**Assigned task**
Exactly the lines from the beginning of the records below through the line with "Σωληνωτά δερμάτινα μποτάκια" must be given again, without pictures.
+ + + +
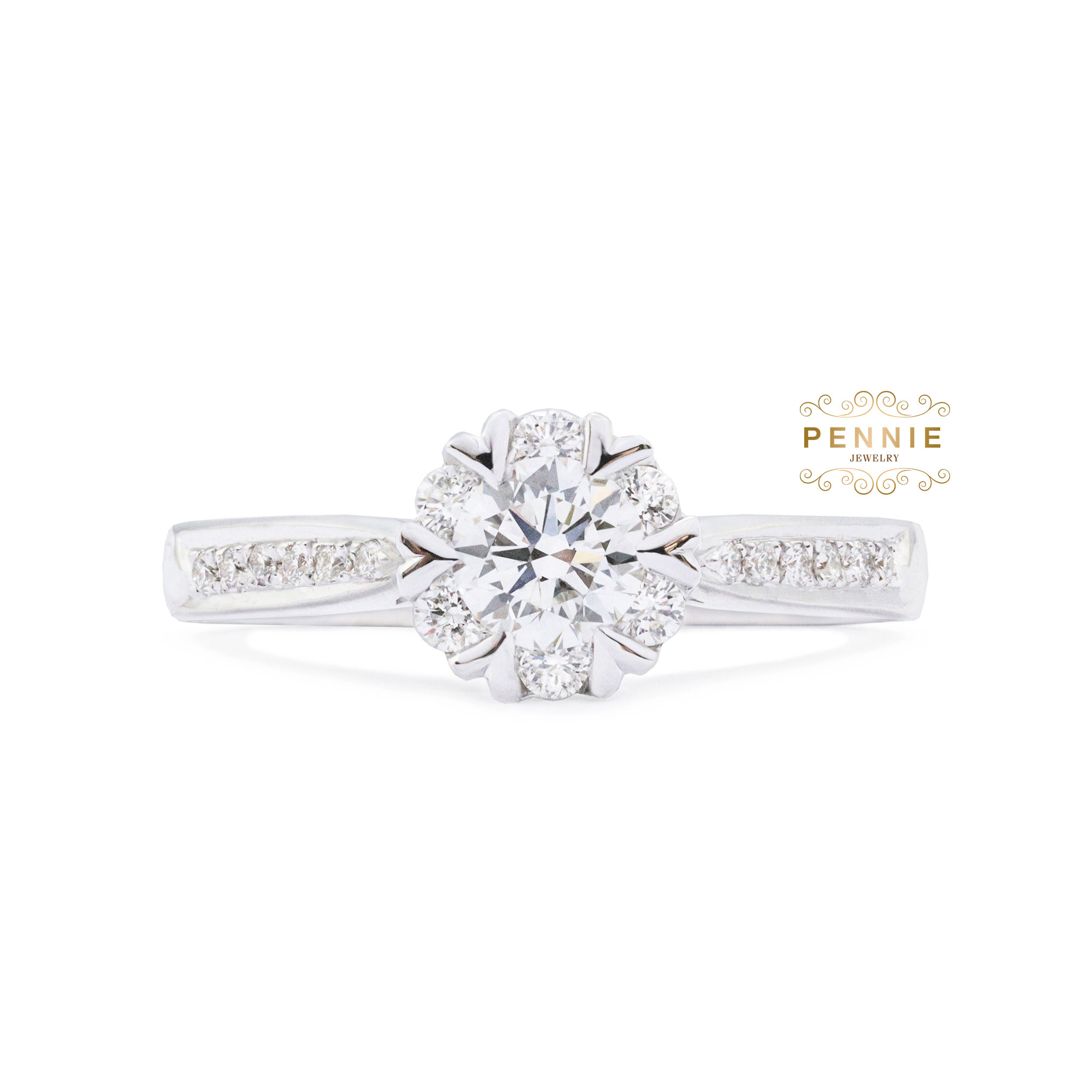 เพชรกลางน้ำหนัก0.31กะรัต ใบเซอร์GIA ความสะอาดVS2 เหลี่ยมเจียระไน3EX เพชรล้อม6เม็ดน้ำหนักรวม0.114กะรัต เพชรขาแหวน12เม็ดน้ำหนักรวม0.053กะรัต ตัวเรือนทองขาว3.0กรัม
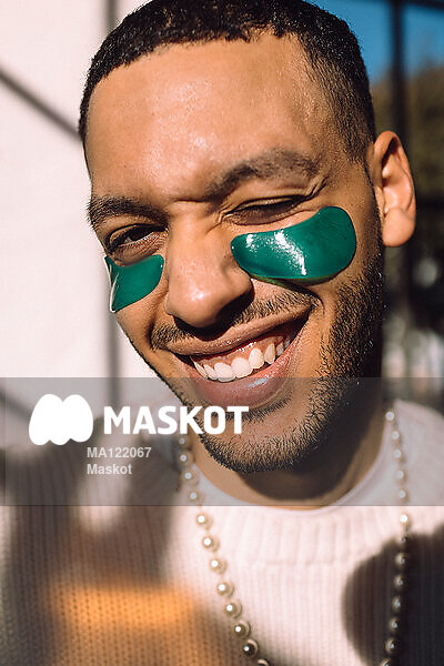 Porträtt av glad man med hudvårdsprodukt under ögon
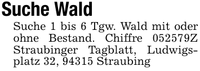 Suche WaldSuche 1 bis 6 Tgw. Wald mit oder ohne Bestand. Chiffre ***Z Straubinger Tagblatt, Ludwigsplatz 32, 94315 Straubing
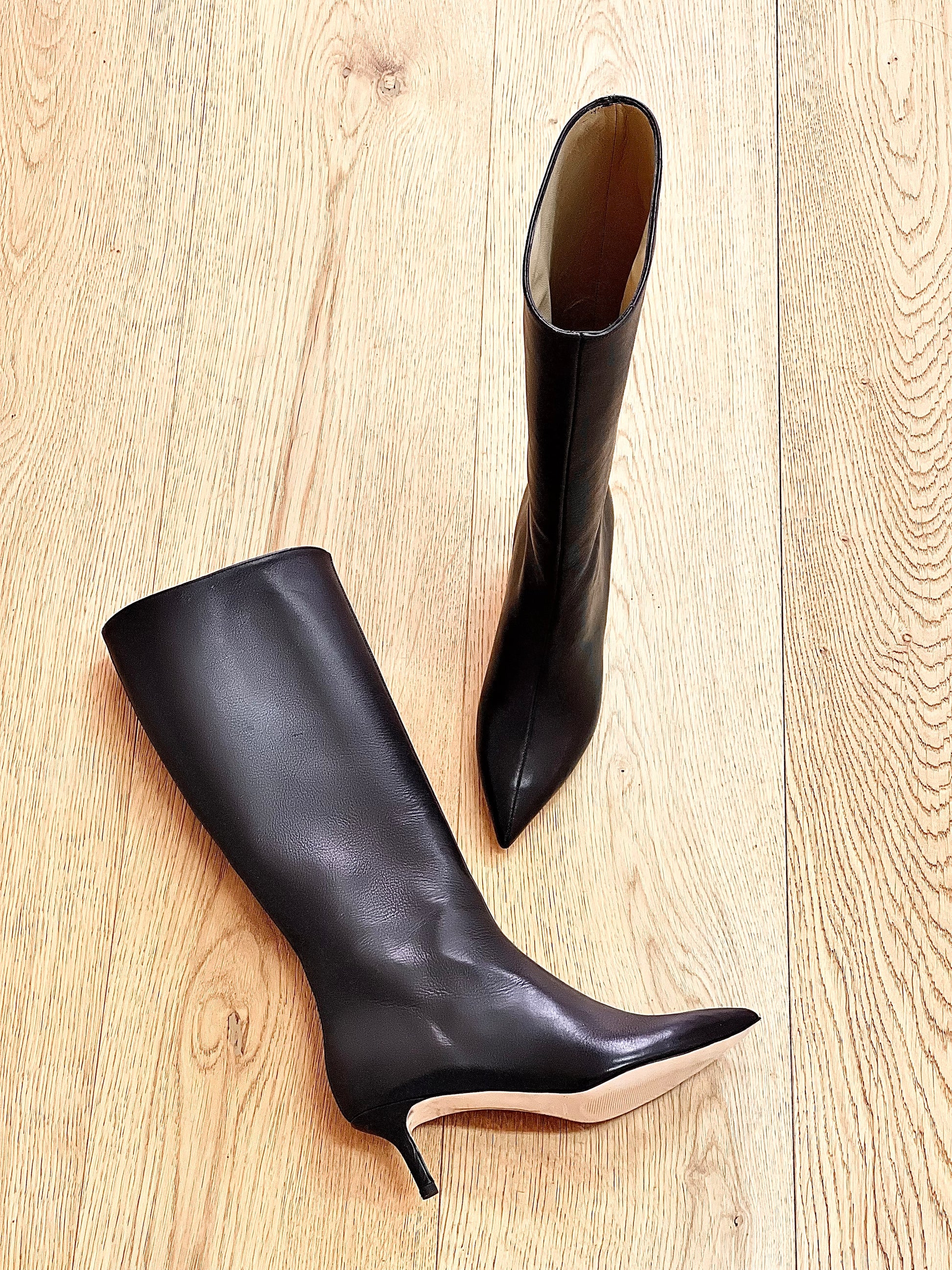 Σωληνωτά δερμάτινα μποτάκια με λεπτό τακούνι.
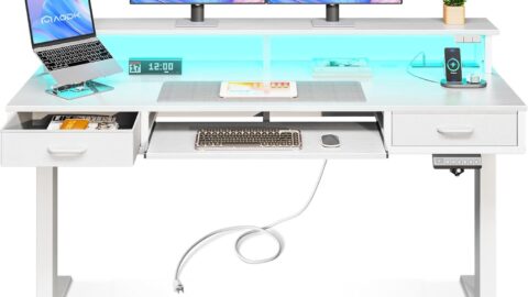 AODK Electric Standing Desk with Drawers & Keyboard Tray, 55 Inch Height Adjustable Desk with Power Outlets & LED Lights, Sit Stand Table with Monitor Stand for Home, Office, White
+ + + +
**Expected answer**
 เพชรกลางน้ำหนัก0.31กะรัต ใบเซอร์GIA ความสะอาดVS2 เหลี่ยมเจียระไน3EX เพชรล้อม6เม็ดน้ำหนักรวม0.114กะรัต เพชรขาแหวน12เม็ดน้ำหนักรวม0.053กะรัต ตัวเรือนทองขาว3.0กรัม
 Porträtt av glad man med hudvårdsprodukt under ögon
 Suche WaldSuche 1 bis 6 Tgw. Wald mit oder ohne Bestand. Chiffre ***Z Straubinger Tagblatt, Ludwigsplatz 32, 94315 Straubing
 Σωληνωτά δερμάτινα μποτάκια με λεπτό τακούνι.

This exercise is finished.